-------- MATERIALS PROVIDED --------

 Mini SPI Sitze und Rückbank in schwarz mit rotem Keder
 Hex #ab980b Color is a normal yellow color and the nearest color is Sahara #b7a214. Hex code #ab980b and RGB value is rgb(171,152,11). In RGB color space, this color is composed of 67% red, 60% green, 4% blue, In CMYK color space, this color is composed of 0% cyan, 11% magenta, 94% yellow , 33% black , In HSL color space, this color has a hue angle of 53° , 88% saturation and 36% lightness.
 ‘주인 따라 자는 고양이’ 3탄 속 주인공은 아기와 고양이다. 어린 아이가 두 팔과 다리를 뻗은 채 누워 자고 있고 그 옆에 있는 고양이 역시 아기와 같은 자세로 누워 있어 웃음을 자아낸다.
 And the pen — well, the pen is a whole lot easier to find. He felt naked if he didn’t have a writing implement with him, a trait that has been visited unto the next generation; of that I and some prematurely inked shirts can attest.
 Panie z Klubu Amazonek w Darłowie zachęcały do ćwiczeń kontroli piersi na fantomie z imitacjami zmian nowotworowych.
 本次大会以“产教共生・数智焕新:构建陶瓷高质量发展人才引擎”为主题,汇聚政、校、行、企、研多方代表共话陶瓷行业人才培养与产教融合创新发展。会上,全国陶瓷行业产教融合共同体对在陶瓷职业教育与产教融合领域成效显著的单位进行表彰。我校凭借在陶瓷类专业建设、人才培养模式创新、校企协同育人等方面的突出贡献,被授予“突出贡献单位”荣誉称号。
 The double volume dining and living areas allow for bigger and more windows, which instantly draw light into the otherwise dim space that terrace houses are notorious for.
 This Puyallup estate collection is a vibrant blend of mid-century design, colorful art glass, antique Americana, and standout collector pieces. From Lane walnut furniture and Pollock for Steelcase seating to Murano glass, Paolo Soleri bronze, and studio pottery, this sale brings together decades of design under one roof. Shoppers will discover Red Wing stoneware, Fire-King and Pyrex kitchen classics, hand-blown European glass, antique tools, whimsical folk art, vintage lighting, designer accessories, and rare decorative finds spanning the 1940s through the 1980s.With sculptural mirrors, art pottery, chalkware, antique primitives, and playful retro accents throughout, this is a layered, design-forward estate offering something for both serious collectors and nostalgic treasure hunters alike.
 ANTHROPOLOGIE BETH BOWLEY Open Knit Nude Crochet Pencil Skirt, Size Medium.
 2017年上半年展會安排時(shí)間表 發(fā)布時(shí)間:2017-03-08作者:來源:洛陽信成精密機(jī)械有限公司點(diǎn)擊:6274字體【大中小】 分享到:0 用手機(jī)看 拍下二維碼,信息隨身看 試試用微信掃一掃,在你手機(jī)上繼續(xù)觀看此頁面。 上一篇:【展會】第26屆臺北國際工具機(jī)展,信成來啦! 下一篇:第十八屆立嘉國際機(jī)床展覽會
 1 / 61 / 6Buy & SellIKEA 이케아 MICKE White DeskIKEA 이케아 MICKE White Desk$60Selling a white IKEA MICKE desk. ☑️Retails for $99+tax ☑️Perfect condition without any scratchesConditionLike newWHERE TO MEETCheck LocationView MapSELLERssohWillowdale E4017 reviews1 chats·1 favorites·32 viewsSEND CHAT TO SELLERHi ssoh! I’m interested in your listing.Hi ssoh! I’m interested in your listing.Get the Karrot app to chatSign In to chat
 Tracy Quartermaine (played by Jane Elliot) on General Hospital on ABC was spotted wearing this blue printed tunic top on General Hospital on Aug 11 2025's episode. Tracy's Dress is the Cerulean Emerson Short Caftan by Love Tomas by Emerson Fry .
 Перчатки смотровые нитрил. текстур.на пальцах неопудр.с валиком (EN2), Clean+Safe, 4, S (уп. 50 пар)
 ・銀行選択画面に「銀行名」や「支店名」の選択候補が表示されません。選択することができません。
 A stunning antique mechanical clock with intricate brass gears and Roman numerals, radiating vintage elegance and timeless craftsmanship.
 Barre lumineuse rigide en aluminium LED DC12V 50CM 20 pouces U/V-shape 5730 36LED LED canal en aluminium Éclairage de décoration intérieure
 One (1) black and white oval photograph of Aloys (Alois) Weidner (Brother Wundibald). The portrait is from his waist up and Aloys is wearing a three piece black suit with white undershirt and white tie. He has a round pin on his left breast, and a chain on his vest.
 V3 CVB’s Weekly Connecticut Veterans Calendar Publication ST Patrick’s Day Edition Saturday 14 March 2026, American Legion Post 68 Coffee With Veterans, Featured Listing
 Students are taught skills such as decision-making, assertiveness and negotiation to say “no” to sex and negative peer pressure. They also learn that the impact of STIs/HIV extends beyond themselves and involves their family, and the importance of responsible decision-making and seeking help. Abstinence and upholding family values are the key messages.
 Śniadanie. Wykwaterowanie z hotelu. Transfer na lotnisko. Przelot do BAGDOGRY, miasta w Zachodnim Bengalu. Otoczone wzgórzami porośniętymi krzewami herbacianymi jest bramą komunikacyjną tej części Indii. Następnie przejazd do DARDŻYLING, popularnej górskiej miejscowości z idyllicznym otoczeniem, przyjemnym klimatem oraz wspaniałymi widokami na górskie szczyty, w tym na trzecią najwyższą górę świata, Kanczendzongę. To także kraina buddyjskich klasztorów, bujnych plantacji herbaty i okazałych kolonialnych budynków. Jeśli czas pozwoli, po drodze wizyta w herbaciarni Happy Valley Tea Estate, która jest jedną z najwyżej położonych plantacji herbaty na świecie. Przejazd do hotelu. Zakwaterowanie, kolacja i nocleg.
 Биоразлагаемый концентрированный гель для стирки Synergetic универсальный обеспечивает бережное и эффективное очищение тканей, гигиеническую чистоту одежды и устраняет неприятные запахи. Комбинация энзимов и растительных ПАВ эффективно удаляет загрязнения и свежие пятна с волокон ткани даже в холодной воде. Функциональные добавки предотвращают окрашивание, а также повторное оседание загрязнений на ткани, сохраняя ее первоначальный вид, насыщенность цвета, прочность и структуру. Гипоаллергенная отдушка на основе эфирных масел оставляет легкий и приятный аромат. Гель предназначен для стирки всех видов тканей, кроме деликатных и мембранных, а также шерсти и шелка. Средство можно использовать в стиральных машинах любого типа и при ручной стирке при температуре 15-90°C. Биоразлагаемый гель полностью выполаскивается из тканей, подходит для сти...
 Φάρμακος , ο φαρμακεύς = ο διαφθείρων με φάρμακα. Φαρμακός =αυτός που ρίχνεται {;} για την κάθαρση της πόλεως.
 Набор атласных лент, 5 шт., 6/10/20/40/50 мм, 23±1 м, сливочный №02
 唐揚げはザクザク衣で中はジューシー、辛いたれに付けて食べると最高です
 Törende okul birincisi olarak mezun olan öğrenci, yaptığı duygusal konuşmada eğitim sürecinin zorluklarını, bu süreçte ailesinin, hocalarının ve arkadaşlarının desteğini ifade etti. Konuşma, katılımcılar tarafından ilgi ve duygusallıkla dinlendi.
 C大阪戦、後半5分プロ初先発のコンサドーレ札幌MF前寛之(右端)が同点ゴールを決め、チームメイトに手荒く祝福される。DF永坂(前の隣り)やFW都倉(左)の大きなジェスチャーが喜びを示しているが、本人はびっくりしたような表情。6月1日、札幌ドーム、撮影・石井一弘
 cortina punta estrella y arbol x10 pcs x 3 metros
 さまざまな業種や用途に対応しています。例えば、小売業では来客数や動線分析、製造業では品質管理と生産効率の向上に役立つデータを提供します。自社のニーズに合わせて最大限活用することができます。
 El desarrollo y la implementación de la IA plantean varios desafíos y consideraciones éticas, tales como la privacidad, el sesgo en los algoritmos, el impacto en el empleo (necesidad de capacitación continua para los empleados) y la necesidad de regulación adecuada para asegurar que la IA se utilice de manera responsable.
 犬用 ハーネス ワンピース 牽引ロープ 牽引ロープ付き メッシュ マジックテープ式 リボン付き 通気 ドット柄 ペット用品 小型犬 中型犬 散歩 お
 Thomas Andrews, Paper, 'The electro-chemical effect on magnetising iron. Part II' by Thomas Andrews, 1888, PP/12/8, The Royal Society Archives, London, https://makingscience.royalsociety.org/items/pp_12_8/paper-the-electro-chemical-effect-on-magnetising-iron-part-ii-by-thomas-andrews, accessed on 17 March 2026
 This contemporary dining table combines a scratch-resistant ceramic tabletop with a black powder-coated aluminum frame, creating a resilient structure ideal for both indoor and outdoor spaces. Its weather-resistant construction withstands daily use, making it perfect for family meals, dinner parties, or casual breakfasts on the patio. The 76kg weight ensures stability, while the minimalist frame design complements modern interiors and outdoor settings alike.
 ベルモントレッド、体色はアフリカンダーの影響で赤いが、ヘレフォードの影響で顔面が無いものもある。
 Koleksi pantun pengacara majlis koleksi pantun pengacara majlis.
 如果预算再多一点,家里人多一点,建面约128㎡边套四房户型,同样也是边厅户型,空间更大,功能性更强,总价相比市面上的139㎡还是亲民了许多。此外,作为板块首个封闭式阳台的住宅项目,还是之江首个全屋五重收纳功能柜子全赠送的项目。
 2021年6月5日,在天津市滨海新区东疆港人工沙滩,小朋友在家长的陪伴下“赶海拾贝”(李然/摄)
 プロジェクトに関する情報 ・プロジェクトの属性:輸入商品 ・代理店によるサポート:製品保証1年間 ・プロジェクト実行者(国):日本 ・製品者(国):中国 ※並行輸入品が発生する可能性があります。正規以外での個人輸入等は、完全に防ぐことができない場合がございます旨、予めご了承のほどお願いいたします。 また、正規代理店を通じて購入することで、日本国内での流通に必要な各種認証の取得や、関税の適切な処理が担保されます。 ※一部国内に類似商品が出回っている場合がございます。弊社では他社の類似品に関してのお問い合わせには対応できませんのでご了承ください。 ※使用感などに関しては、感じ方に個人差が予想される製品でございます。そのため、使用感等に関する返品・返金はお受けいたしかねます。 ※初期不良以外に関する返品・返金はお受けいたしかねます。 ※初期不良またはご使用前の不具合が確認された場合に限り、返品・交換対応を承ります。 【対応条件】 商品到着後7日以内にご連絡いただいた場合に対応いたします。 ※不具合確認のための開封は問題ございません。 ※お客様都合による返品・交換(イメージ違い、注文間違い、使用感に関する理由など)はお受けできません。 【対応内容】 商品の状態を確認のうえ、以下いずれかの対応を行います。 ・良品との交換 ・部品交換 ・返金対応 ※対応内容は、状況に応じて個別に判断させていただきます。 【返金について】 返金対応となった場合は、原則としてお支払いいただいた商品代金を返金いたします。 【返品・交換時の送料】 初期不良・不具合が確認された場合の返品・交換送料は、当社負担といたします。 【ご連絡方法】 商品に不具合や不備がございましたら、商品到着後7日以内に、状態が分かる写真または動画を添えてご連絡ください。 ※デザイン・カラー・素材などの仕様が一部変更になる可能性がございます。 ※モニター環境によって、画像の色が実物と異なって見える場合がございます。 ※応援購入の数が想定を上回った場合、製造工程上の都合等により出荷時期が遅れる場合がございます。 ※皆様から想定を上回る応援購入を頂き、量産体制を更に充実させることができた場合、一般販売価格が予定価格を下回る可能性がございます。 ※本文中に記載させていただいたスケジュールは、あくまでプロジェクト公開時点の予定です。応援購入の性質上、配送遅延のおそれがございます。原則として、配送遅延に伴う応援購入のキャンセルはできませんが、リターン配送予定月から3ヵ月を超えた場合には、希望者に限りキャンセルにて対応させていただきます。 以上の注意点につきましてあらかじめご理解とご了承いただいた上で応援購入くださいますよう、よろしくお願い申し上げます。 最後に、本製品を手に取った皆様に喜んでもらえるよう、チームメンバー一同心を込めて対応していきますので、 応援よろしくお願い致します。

--------

● WHAT IS EXPECTED
In the listing above, find the line with "Koleksi pantun pengacara majlis koleksi" and the line with "2021年6月5日,在天津市", then print exactly those two lines and every line between them, and nothing more.

● SOLUTION
 Koleksi pantun pengacara majlis koleksi pantun pengacara majlis.
 如果预算再多一点,家里人多一点,建面约128㎡边套四房户型,同样也是边厅户型,空间更大,功能性更强,总价相比市面上的139㎡还是亲民了许多。此外,作为板块首个封闭式阳台的住宅项目,还是之江首个全屋五重收纳功能柜子全赠送的项目。
 2021年6月5日,在天津市滨海新区东疆港人工沙滩,小朋友在家长的陪伴下“赶海拾贝”(李然/摄)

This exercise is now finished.